■ **Data to examine**:

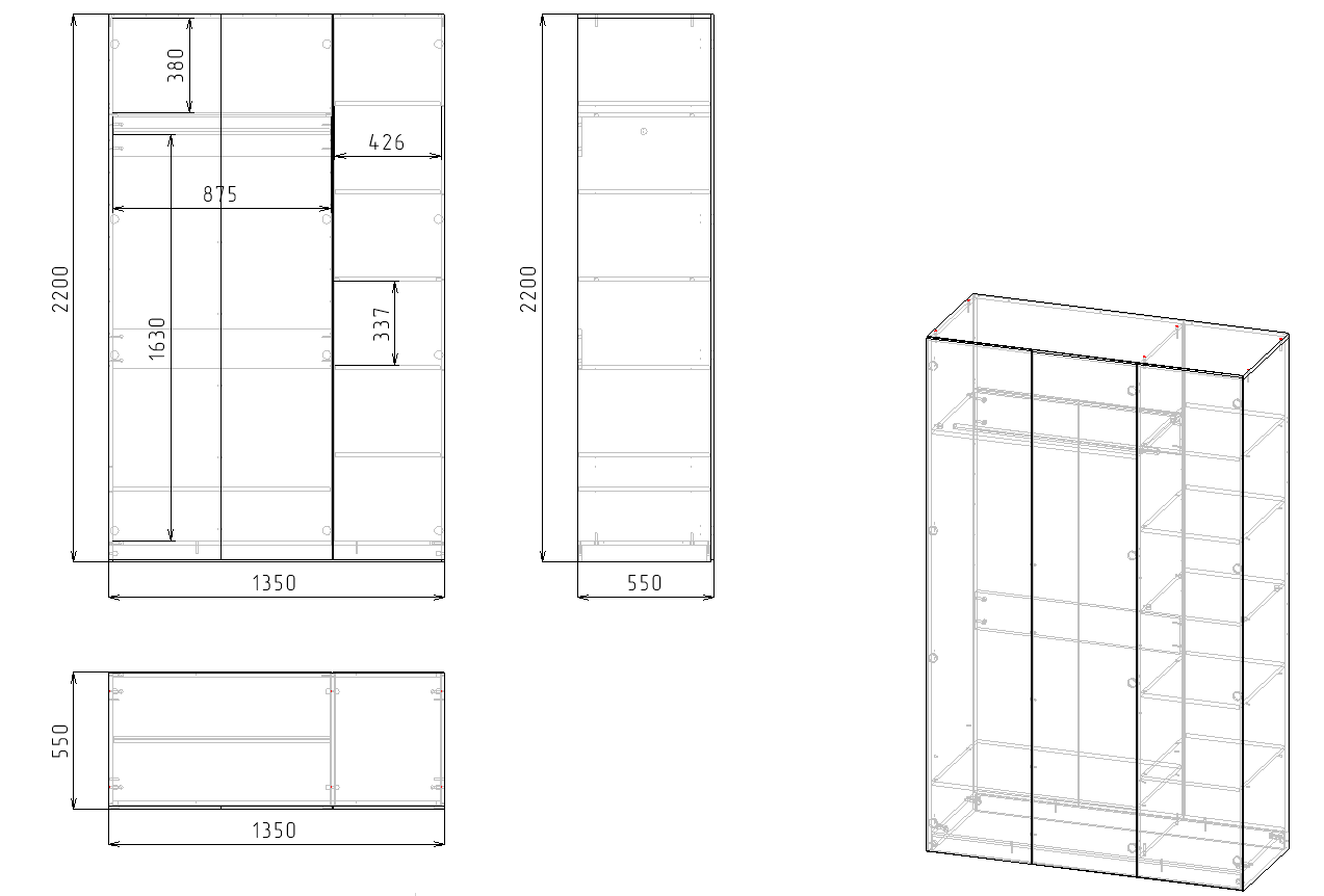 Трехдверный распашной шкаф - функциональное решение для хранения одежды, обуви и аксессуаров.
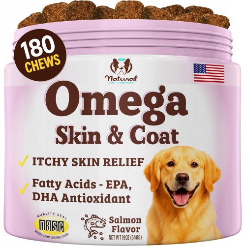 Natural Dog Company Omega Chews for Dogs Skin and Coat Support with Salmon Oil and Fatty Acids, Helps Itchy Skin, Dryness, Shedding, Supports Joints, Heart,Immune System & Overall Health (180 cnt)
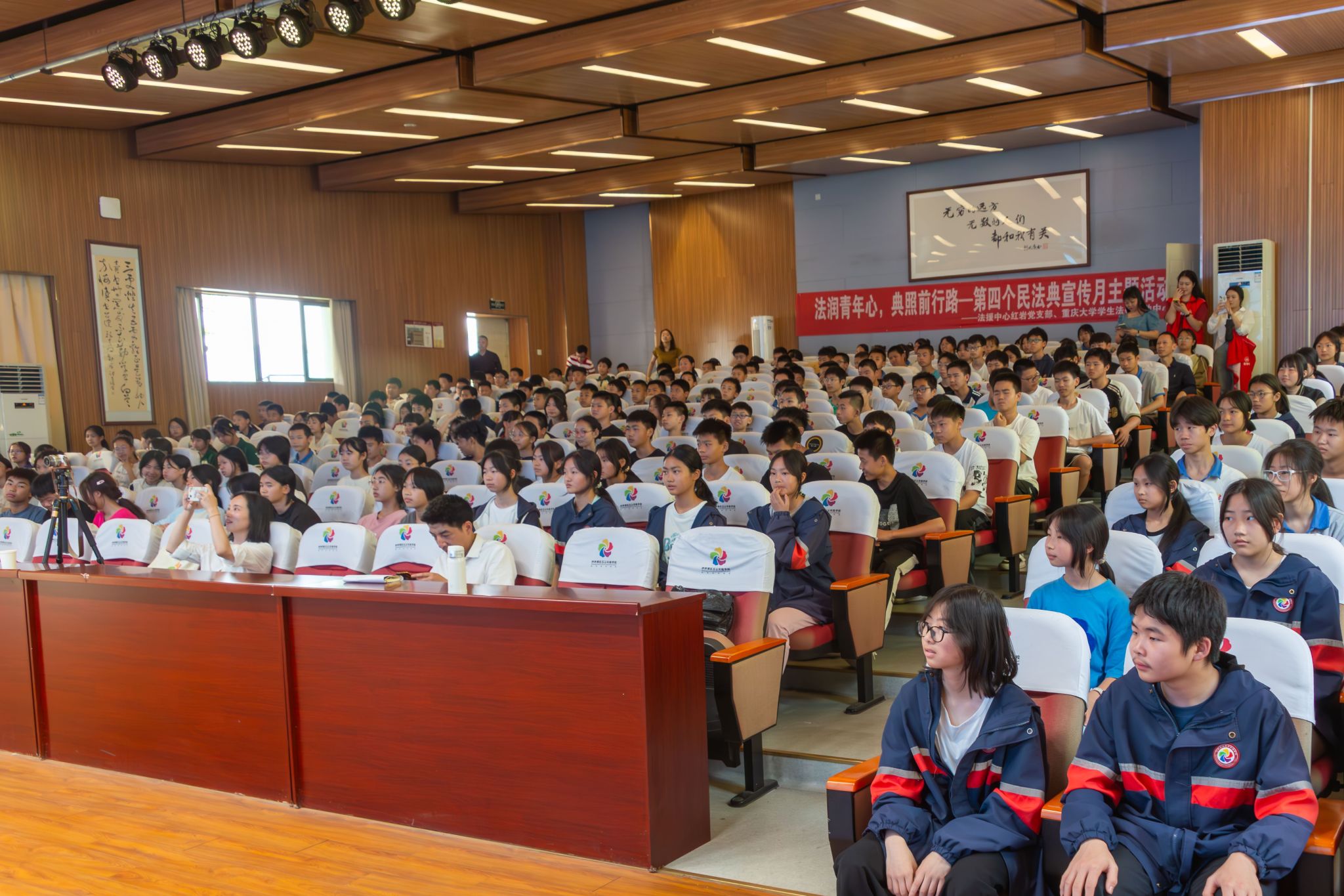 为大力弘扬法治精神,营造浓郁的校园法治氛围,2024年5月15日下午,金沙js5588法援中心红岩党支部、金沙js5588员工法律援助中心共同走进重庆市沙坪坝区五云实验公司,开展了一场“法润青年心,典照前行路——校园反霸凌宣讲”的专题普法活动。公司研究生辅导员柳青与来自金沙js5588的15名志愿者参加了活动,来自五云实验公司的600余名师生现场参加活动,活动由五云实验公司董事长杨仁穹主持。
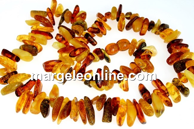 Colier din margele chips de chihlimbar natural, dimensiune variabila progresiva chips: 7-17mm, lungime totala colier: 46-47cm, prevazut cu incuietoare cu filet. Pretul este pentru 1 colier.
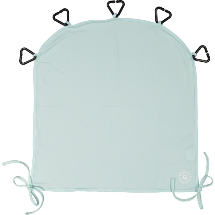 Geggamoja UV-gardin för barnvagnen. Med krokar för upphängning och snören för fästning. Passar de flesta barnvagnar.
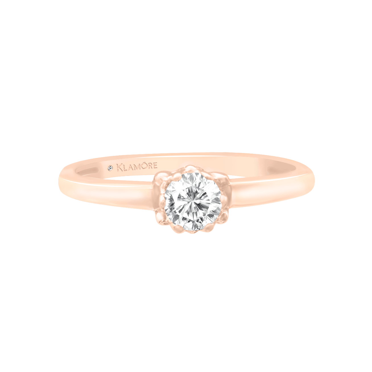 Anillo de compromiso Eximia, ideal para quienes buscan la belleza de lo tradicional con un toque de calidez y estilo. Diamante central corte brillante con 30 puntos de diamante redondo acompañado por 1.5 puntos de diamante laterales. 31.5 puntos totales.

■ **Work to complete**:
From the line that contains "Colier din margele" down to the final line of the entries above, please copy each line exactly, excluding pictures.

■ **Your response**:
 Colier din margele chips de chihlimbar natural, dimensiune variabila progresiva chips: 7-17mm, lungime totala colier: 46-47cm, prevazut cu incuietoare cu filet. Pretul este pentru 1 colier.
 Geggamoja UV-gardin för barnvagnen. Med krokar för upphängning och snören för fästning. Passar de flesta barnvagnar.
 Anillo de compromiso Eximia, ideal para quienes buscan la belleza de lo tradicional con un toque de calidez y estilo. Diamante central corte brillante con 30 puntos de diamante redondo acompañado por 1.5 puntos de diamante laterales. 31.5 puntos totales.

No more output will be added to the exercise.